WHAT NEEDS TO BE DONE –
Could the lines from the start of the data through the line with "Un design elegante" be set down exactly, with no pictures among them?

Recorded data –
● ● ● ●

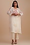 Ecru Viscose Organza Floral Hand Embroidered Kurta Set
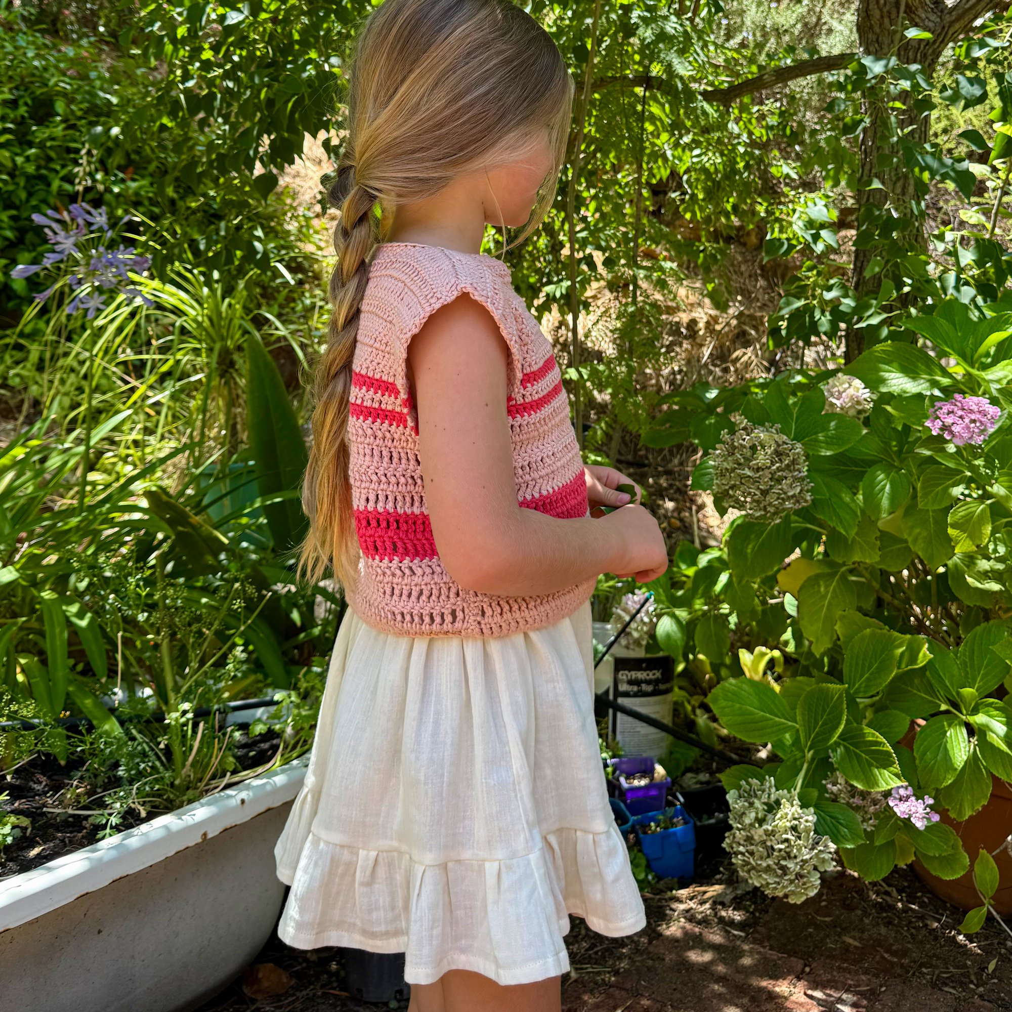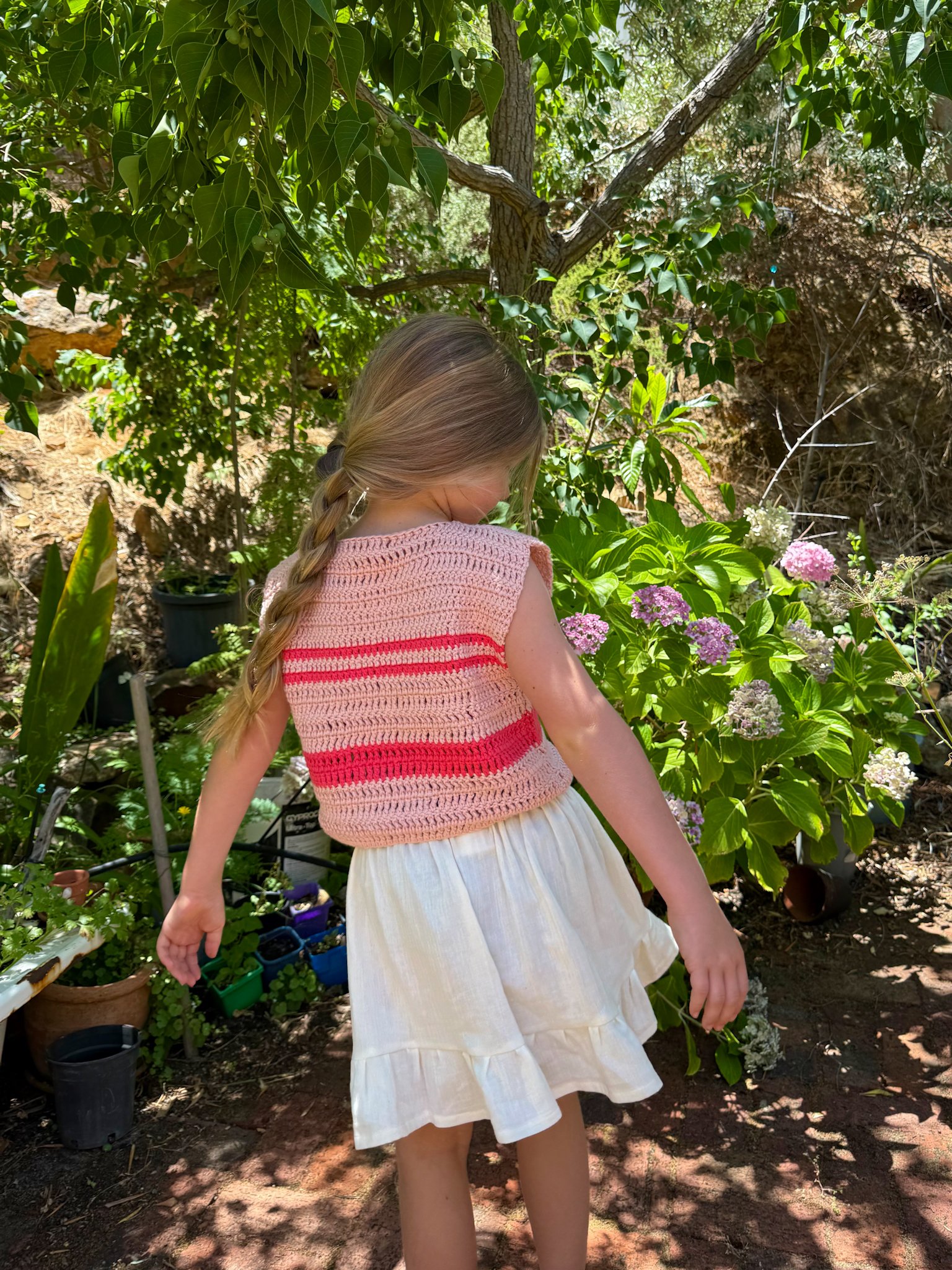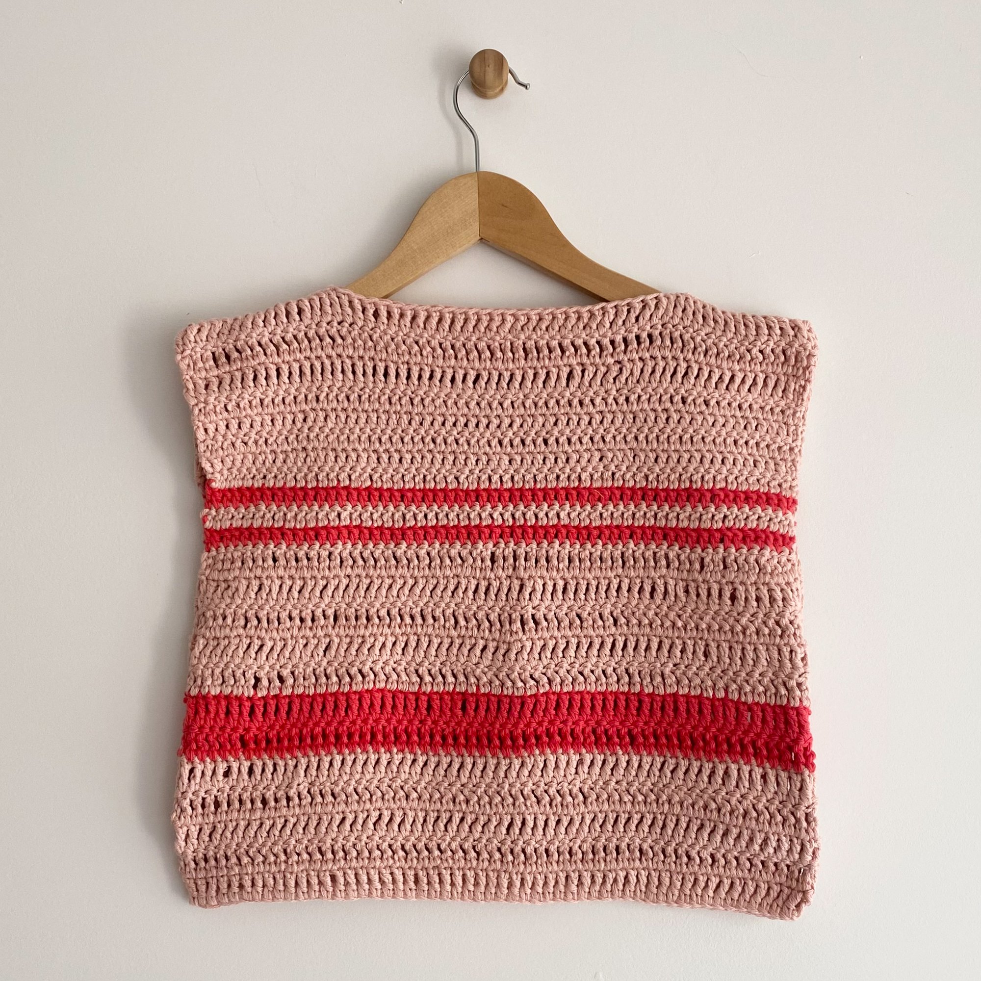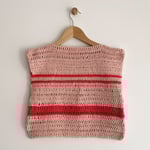 Boxy crochet top handmade with buttery-soft 100% cotton yarn in pink and watermelon. Can be worn as a top or vest. Upsize for an over-sized look.
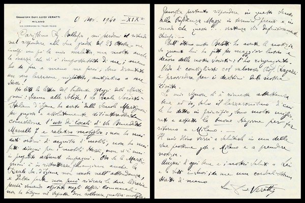 lettera manoscritta e firmata di Luigi Veratti di 2 facciate su carta intestata personale datata 9 Novembre 1940; buon es.
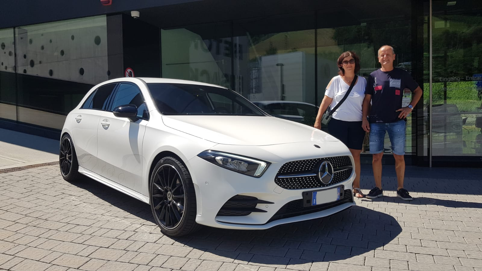 Un design elegante e sistemi di sicurezza per portarvi da A a B in tutta sicurezza. Inoltre, l'inconfondibile comfort della Limousine consente di godersi appieno ogni viaggio. Perfetto per affrontare le sfide della vita quotidiana non solo con stile, ma anche in modo dinamico e confortevole. La sportiva Mercedes A200 AMG non lascia nulla a desiderare. Cara Karin e caro Othmar, vi ringraziamo per la vostra fiducia e vi auguriamo tante avventure indimenticabili.
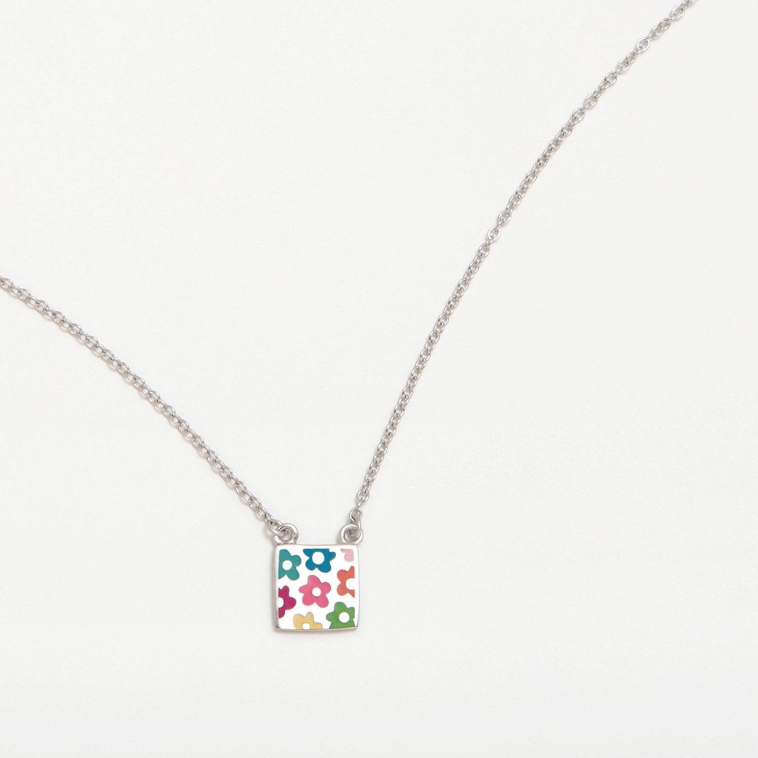 Colgante cuadrado de plata con flores esmaltadas en diferentes colores. Coleccion New Primavera. Pendientes: Por razones de higiene, sólo se admiten devoluciones de artículos rotos o defectuosos de fábrica.
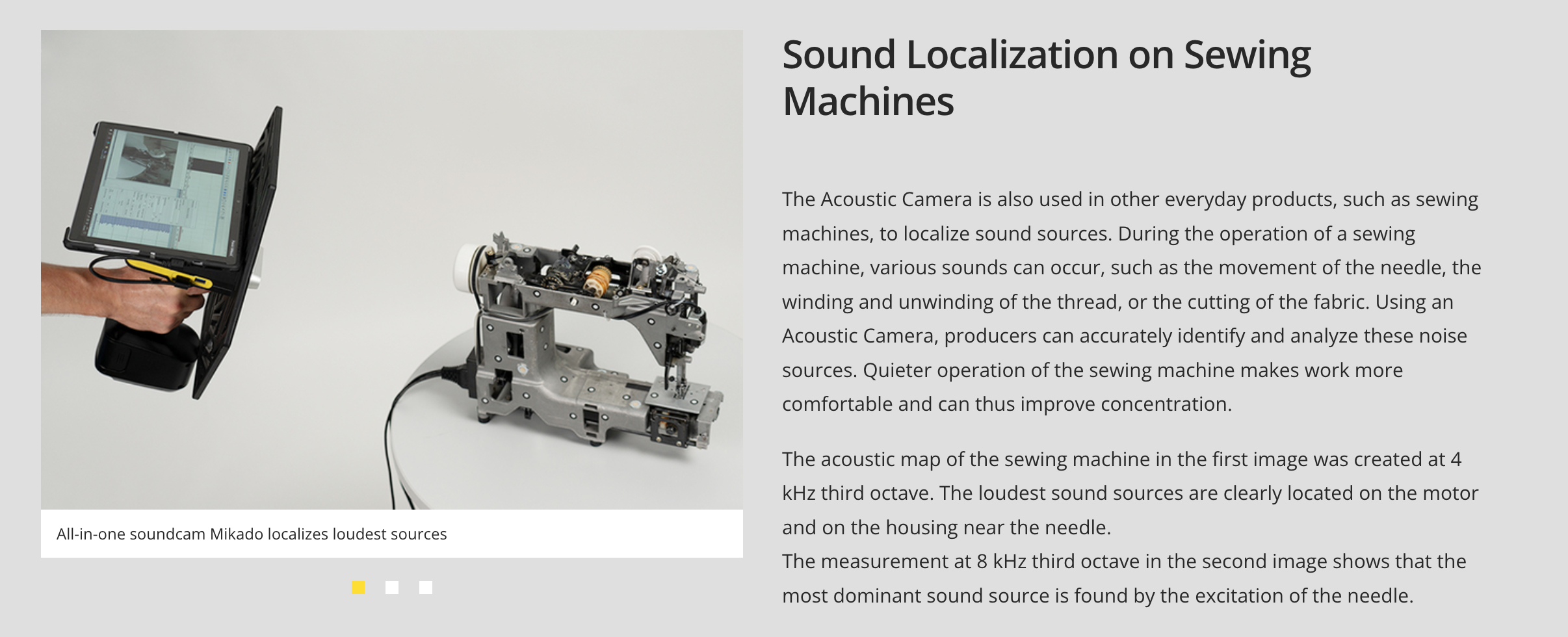 Acoustic measurement methods are therefore used both in the development phase and in the maintenance and servicing of devices and equipment, and vibration analyses are carried out to localize noises and optimize products.
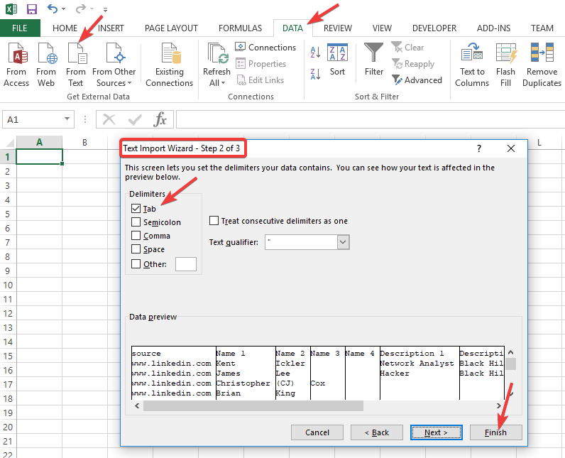 You can gather a large list of employee names quickly and easily with this method. Try importing the list into Microsoft Excel where you can use formulas to turn employee names into the appropriate username format such as first initial followed by last name.
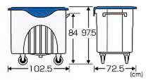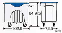 ■特長 ●大型ハンドル 移動操作がしやすい大型ハンドル付きです。(350L:幅40cm/550L:幅50cm) ![]() ●大型キャスター 凹凸の場合でも移動しやすい大型キャスター付きです。(径15cm) ![]() ●音の静かなキャスター 運転時の音が出にくいキャスターを使用しています。(350S、550S) ![]() ●水抜けしやすい傾斜 底面に傾斜がついており、水が排水口に流れやすくなっています。 ![]() ●掃除しやすい内部 内部は凹凸が少なく、お手入れしやすい形状です。 ●開口部 開口部の一部が低くなっているので、誰でもラクにゴミを出し入れできます。 ![]() ■仕様

● ● ● ●

EXPECTED ANSWER –
 Ecru Viscose Organza Floral Hand Embroidered Kurta Set
 Boxy crochet top handmade with buttery-soft 100% cotton yarn in pink and watermelon. Can be worn as a top or vest. Upsize for an over-sized look.
 lettera manoscritta e firmata di Luigi Veratti di 2 facciate su carta intestata personale datata 9 Novembre 1940; buon es.
 Un design elegante e sistemi di sicurezza per portarvi da A a B in tutta sicurezza. Inoltre, l'inconfondibile comfort della Limousine consente di godersi appieno ogni viaggio. Perfetto per affrontare le sfide della vita quotidiana non solo con stile, ma anche in modo dinamico e confortevole. La sportiva Mercedes A200 AMG non lascia nulla a desiderare. Cara Karin e caro Othmar, vi ringraziamo per la vostra fiducia e vi auguriamo tante avventure indimenticabili.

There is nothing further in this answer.